> Your objective
Write out the entries below exactly, starting at the first line and stopping after the line that contains "Guarde suas joias"; skip all pictures.

--- Information shown Enclosed Below ---

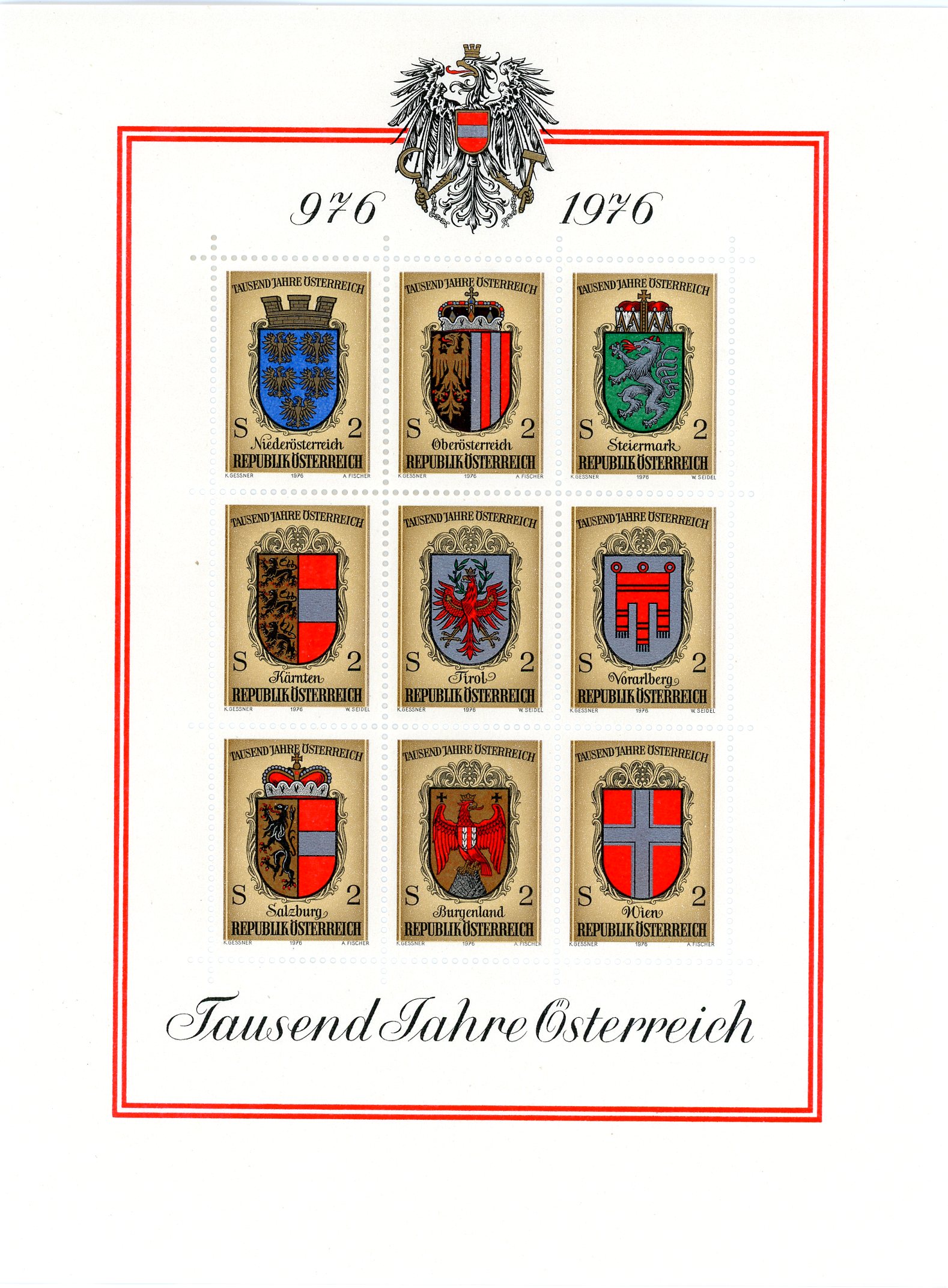 AUSTRIA, SCOTT # 1042a-1042i (8) SOUVENIR SHEET, 1976 COATS OF ARMS ISSUE MNH
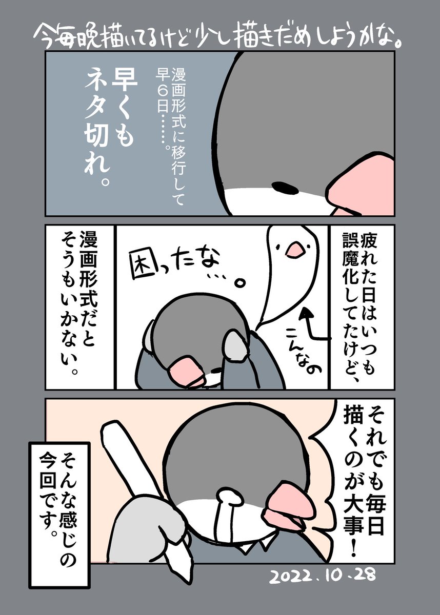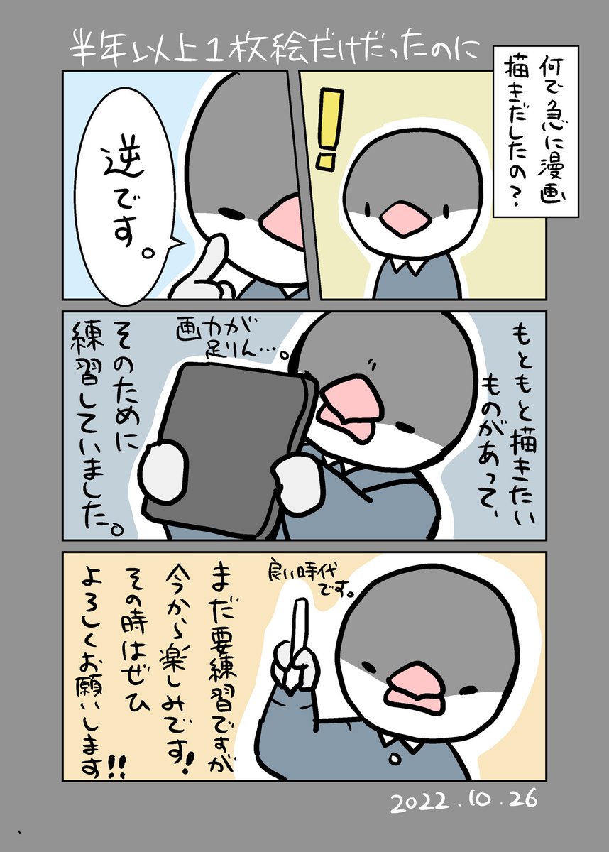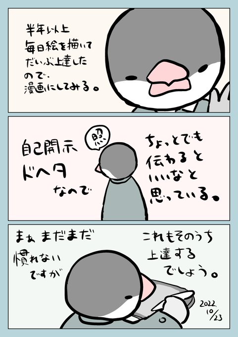 0 3 いつも一枚絵日記でしたが念願の漫画形式に!してみます! 頑張って上達目指すぞー!🕊 #エッセイ漫画 #漫画が読めるハッシュタグ 22/10/24 01:32
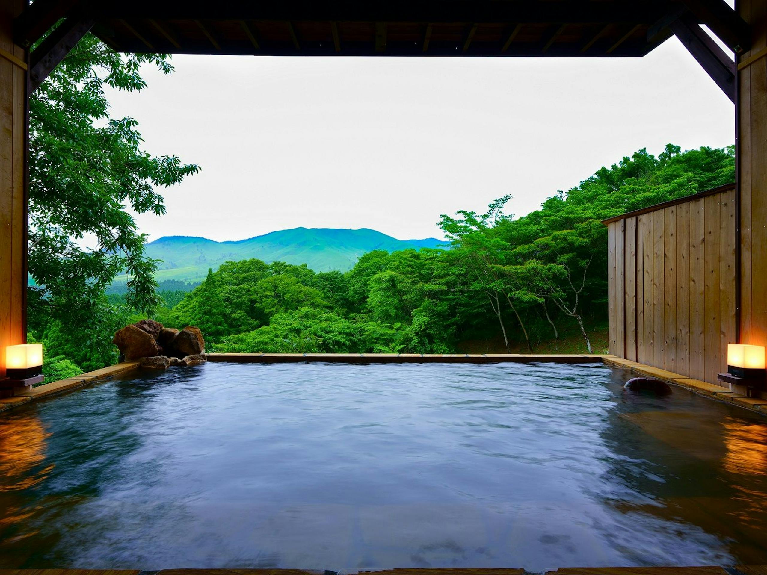 素泊まりプランでは、一棟貸しの「特別室 森のヴィラRURI」に宿泊でき、源泉かけ流しの露天風呂からは絶景を一望して湯浴みできます。
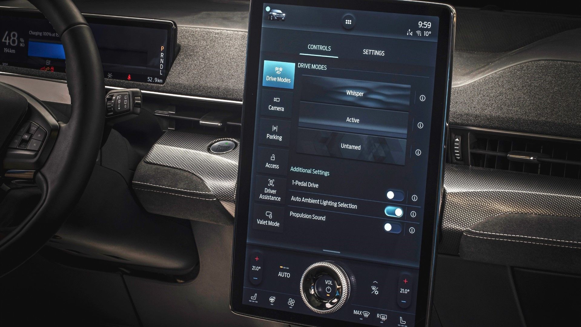 Επιπλέον, η προηγμένη λειτουργία pre-conditioning της νέας Mustang Mach-E, ενεργοποιείται με απλά βήματα, μέσω της οθόνης SYNC 4A, ή μέσω της εφαρμογής FordPass. Αυτή η λειτουργία επιτρέπει στο χρήστη να ορίσει την επιθυμητή θερμοκρασία στην καμπίνα, ενώ το όχημα φορτίζει. Προφανώς, με αυτόν το τρόπο, ο κλιματισμός δεν αντλεί ενέργεια από την μπαταρία, ώστε να επιβαρύνει την αυτονομία.
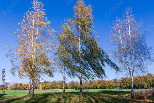 Fototapeta premium Group of birches with autumn leaves on edge of big lawn
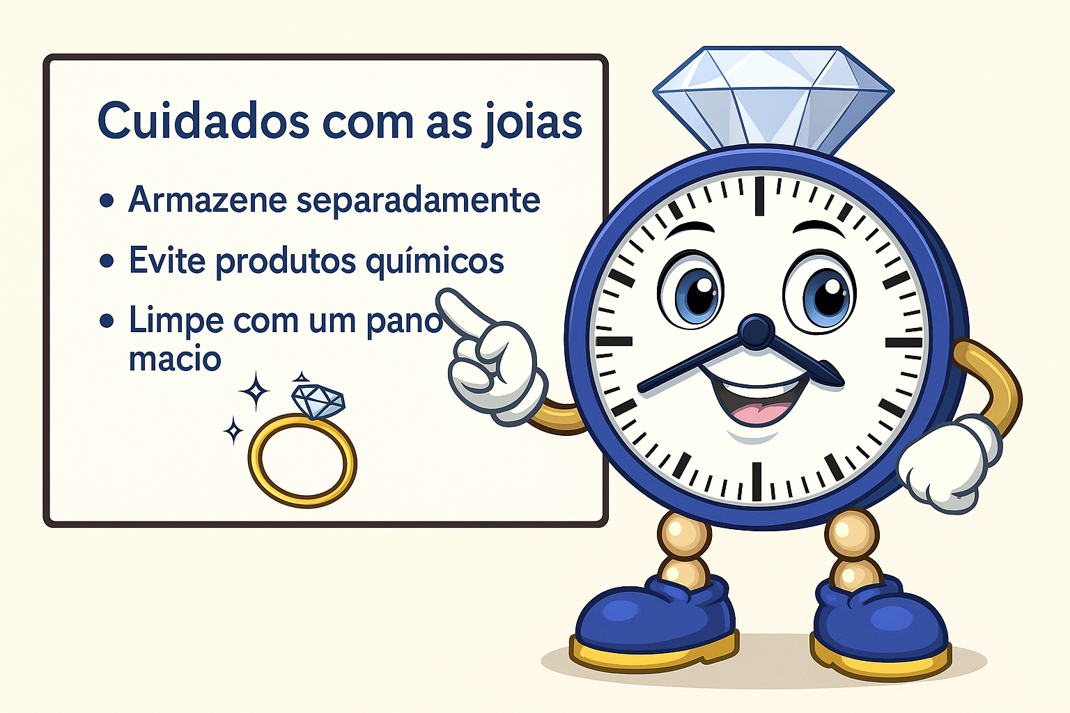 Guarde suas joias em locais limpos e secos, longe da umidade e da luz direta.
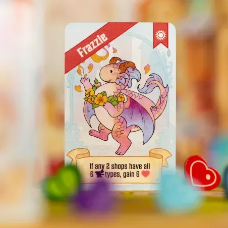 Artisan dragons, the smaller and magically talented versions of their larger (and destructive) cousins, are sought by shopkeepers so that they may delight customers with their flamecraft. You are a Flamekeeper, skilled in the art of conversing with dragons, placing them in their ideal home and using enchantments to entice them to produce wondrous things. Your reputation will grow as you aid the dragons and shopkeepers, and the Flamekeeper with the most reputation will be known as the Master of Flamecraft.
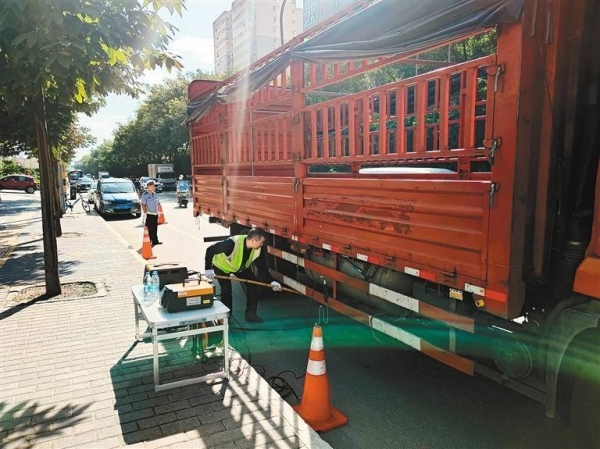 生態(tài)環(huán)境執(zhí)法人員聯(lián)合交警等部門對(duì)車輛進(jìn)行尾氣檢測(cè)。(記者 王旭東 攝)
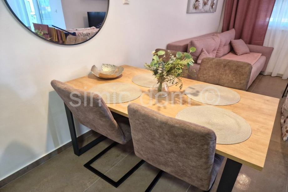 Na prodaju je odličan useljivi apartman smješten u novijoj, modernoj stambenoj zgradi, 200 metara od mora i nekoliko minuta hoda do najbliže plaže. Dovršena 2021. godine. Apartman se nalazi na prvom katu te ima ukupnu korisnu površinu od 55,86 m2, što uključuje 47 m2 unutarnjeg prostora i 9 m2 natkrivene terase. A pripada mu i vanjsko parkirno mjesto. Zajedno s pripatcima apartman ima neto korisnu površinu od oko 53 m2. Sastoji se od dnevnog boravka otvorenog koncepta s kuhinjom i blagovaonicom, dvije spavaće sobe, kupaonice i terase. Apartman je izrazito lijepo uređen, odličnog je rasporeda i odmah je useljiv. Namještaj i oprema uključeni su u cijenu. Atraktivna lokacija čine ga odličnim izborom za one koji traže ugodan životni prostor, bilo kao stalno prebivalište ili nekretninu za odmor. Vlasništvo uredno.
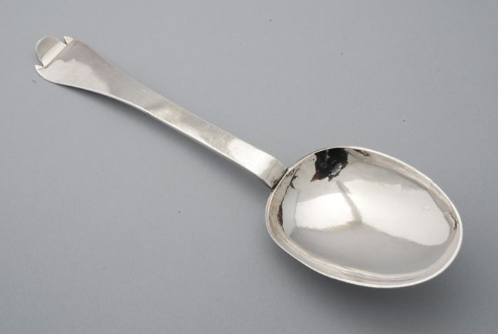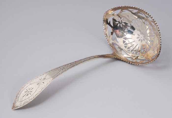 Zilveren strooilepel met opengewerkte bak
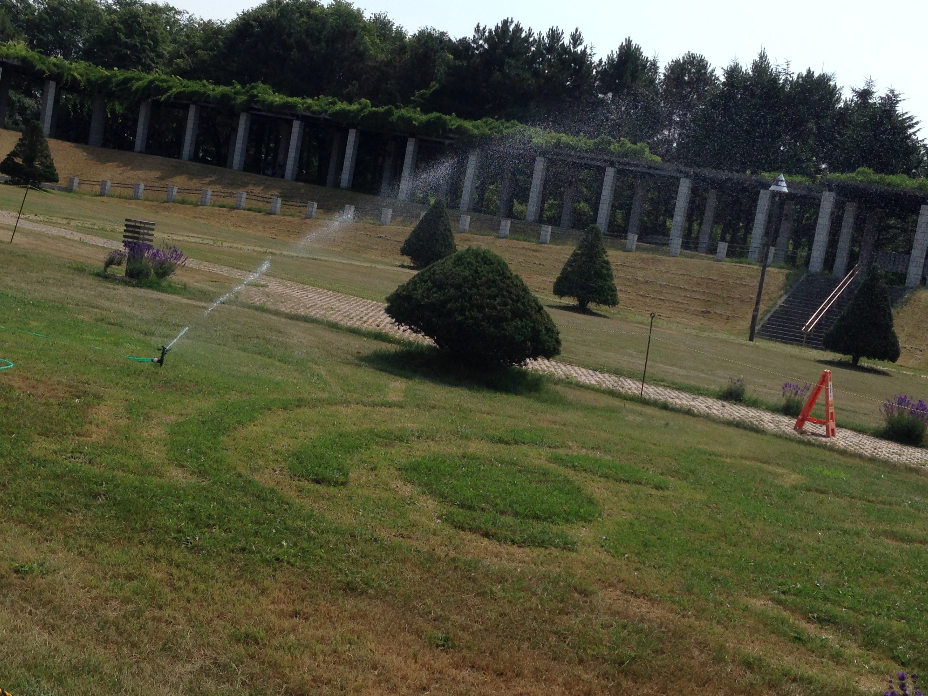 ていぬ様は水をご所望じゃ! 水をもて! というわけでございまして、晴天続きで毎日水まき作業に追われております。 自然の力のすごさ、雨の恵みのありがたさを感じて仕事ができることが喜びです。 公園にお出かけの際は熱中症対策をお忘れなく! (西宗)
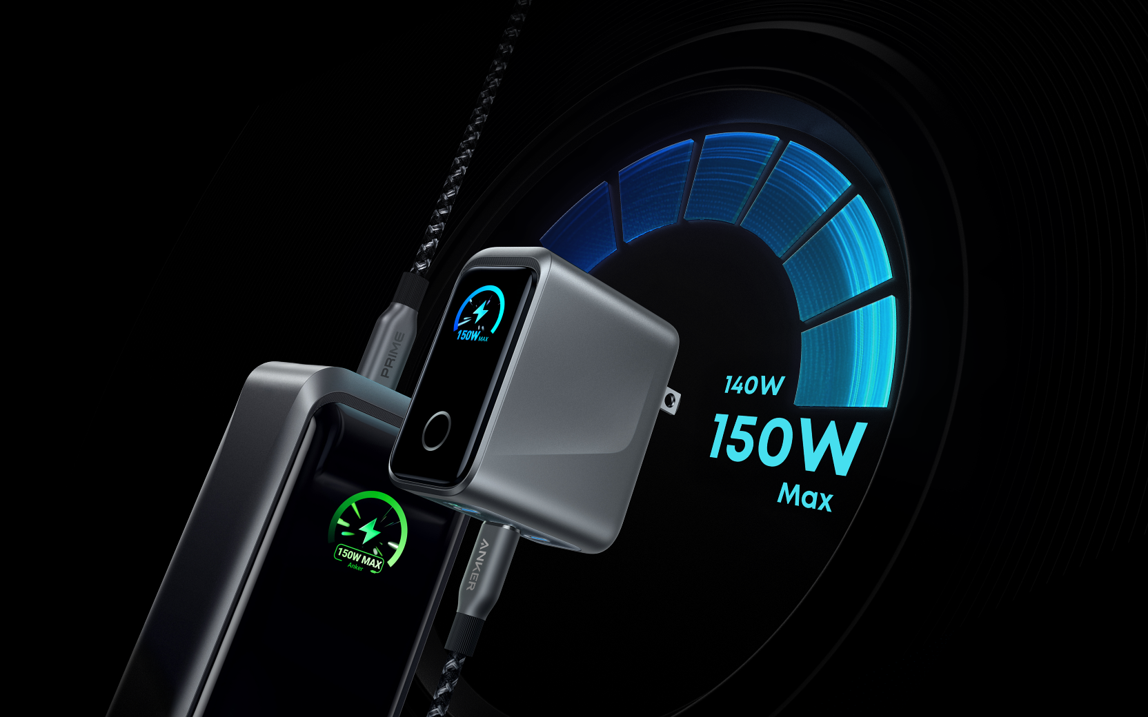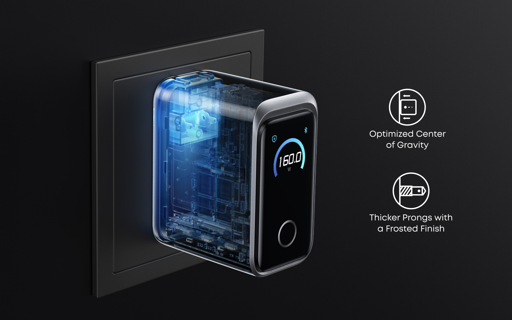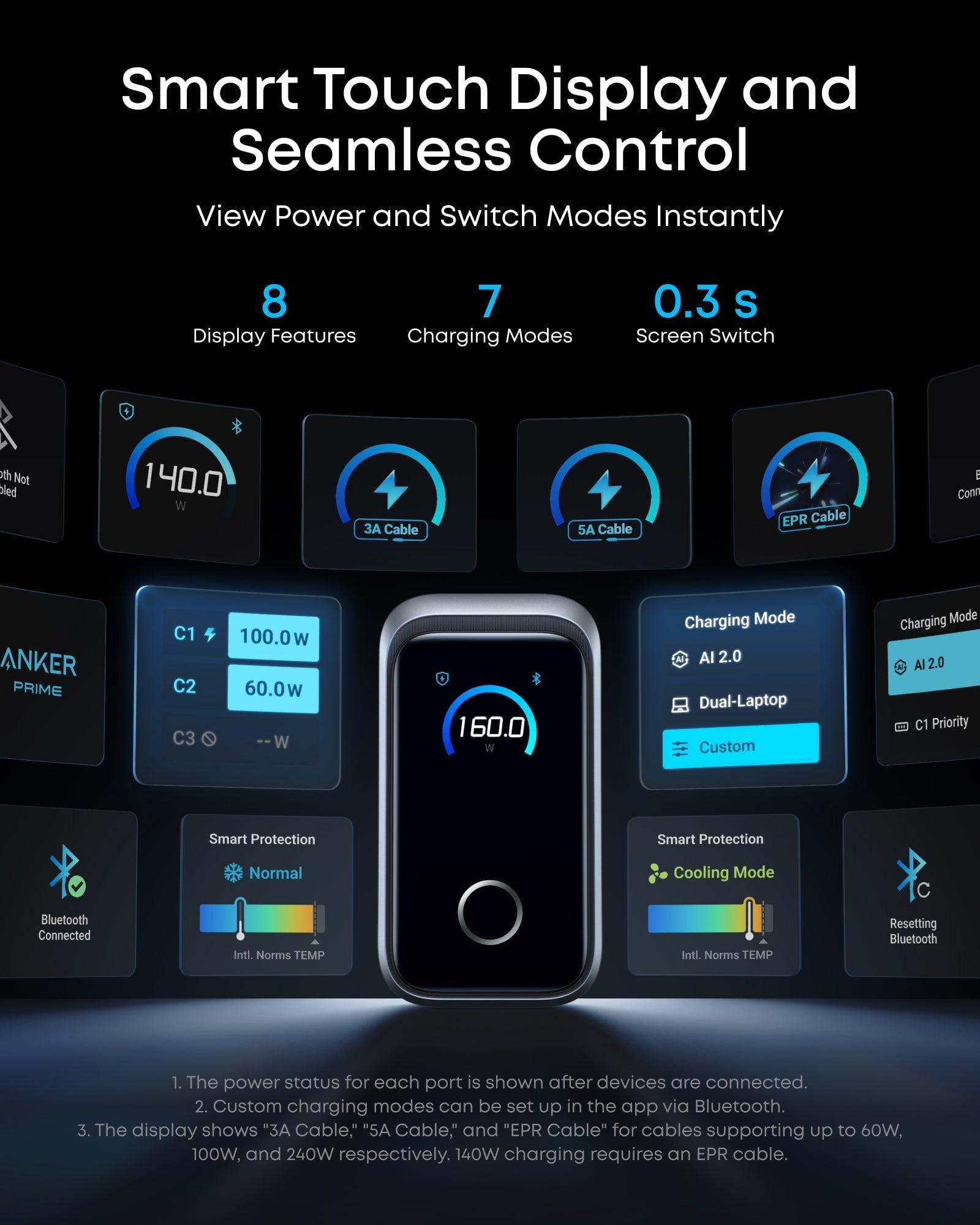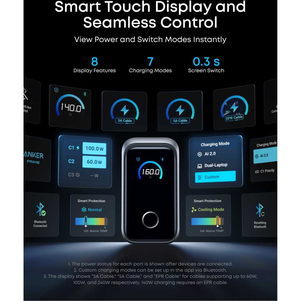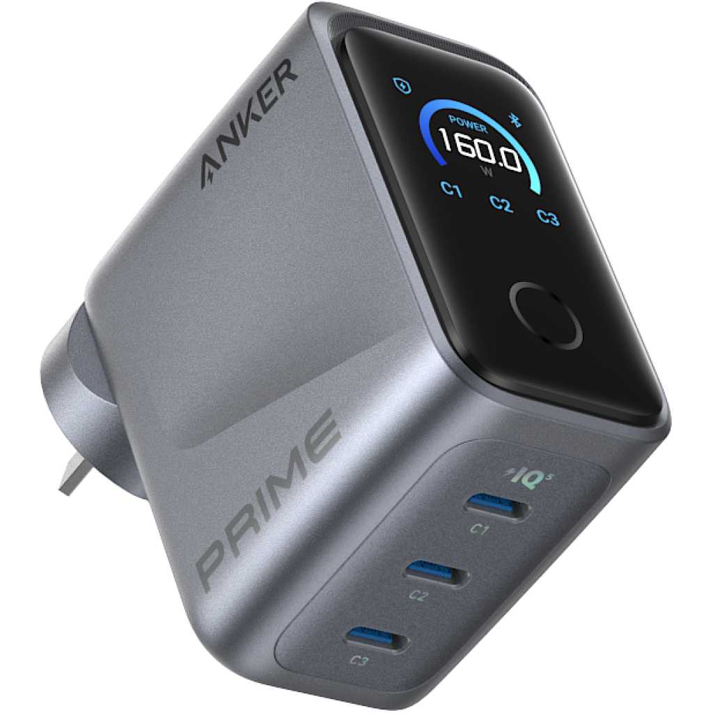 Anker Prime Charger, 160W 3-Port Compact USB C GaN Charger Block, Smart Display and Touch Control, 140W Max Charging via Any Single Port, for MacBook, Laptop, iPhone 17/16/15 Series, iPad, and More
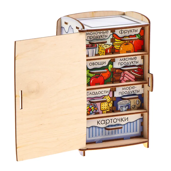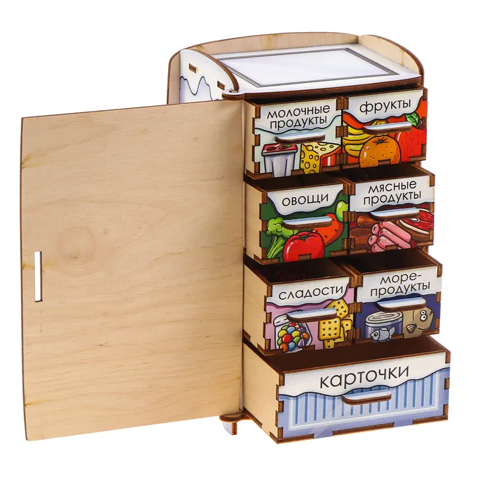 Деревянный сортер «Холодильник» — это увлекательная игра для детей от 3 лет, которая помогает освоить понятия логики, счёта и организации. Компактность и разнообразные игровые механики делают его идеальным выбором для домашних игр или занятий в детском саду.
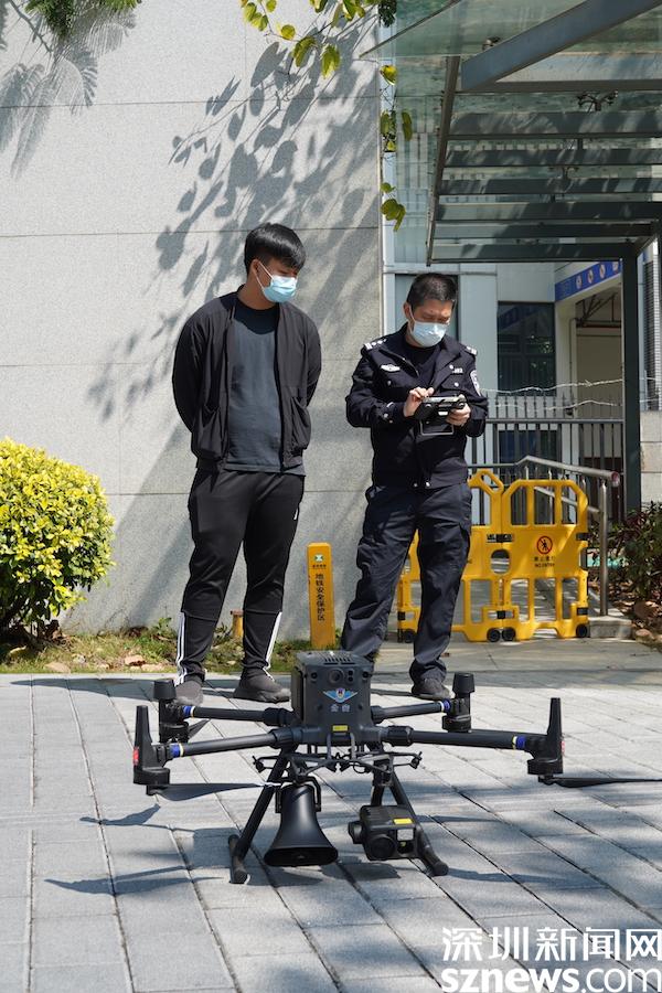 “為了您和家人的健康,所有在桂園街道轄區(qū)工作、生活的居民,從2月24日起連續(xù)4天實行全員核酸檢測,4天4檢。轄區(qū)內(nèi)所有物業(yè)小區(qū)、商業(yè)樓宇、市場等場所均設(shè)置卡口,人員進(jìn)入需掃描“場所碼”……”中午,記者在桂園街道鹿苑小區(qū)外見到,民警與無人機飛手正操控著一款“神兵利器”,助陣疫情防控,空中喊話管控、防范區(qū)居民,快速傳遞最新防疫信息。

--- End of Enclosed Information shown ---

> Answer section
 AUSTRIA, SCOTT # 1042a-1042i (8) SOUVENIR SHEET, 1976 COATS OF ARMS ISSUE MNH
 0 3 いつも一枚絵日記でしたが念願の漫画形式に!してみます! 頑張って上達目指すぞー!🕊 #エッセイ漫画 #漫画が読めるハッシュタグ 22/10/24 01:32
 素泊まりプランでは、一棟貸しの「特別室 森のヴィラRURI」に宿泊でき、源泉かけ流しの露天風呂からは絶景を一望して湯浴みできます。
 Επιπλέον, η προηγμένη λειτουργία pre-conditioning της νέας Mustang Mach-E, ενεργοποιείται με απλά βήματα, μέσω της οθόνης SYNC 4A, ή μέσω της εφαρμογής FordPass. Αυτή η λειτουργία επιτρέπει στο χρήστη να ορίσει την επιθυμητή θερμοκρασία στην καμπίνα, ενώ το όχημα φορτίζει. Προφανώς, με αυτόν το τρόπο, ο κλιματισμός δεν αντλεί ενέργεια από την μπαταρία, ώστε να επιβαρύνει την αυτονομία.
 Fototapeta premium Group of birches with autumn leaves on edge of big lawn
 Guarde suas joias em locais limpos e secos, longe da umidade e da luz direta.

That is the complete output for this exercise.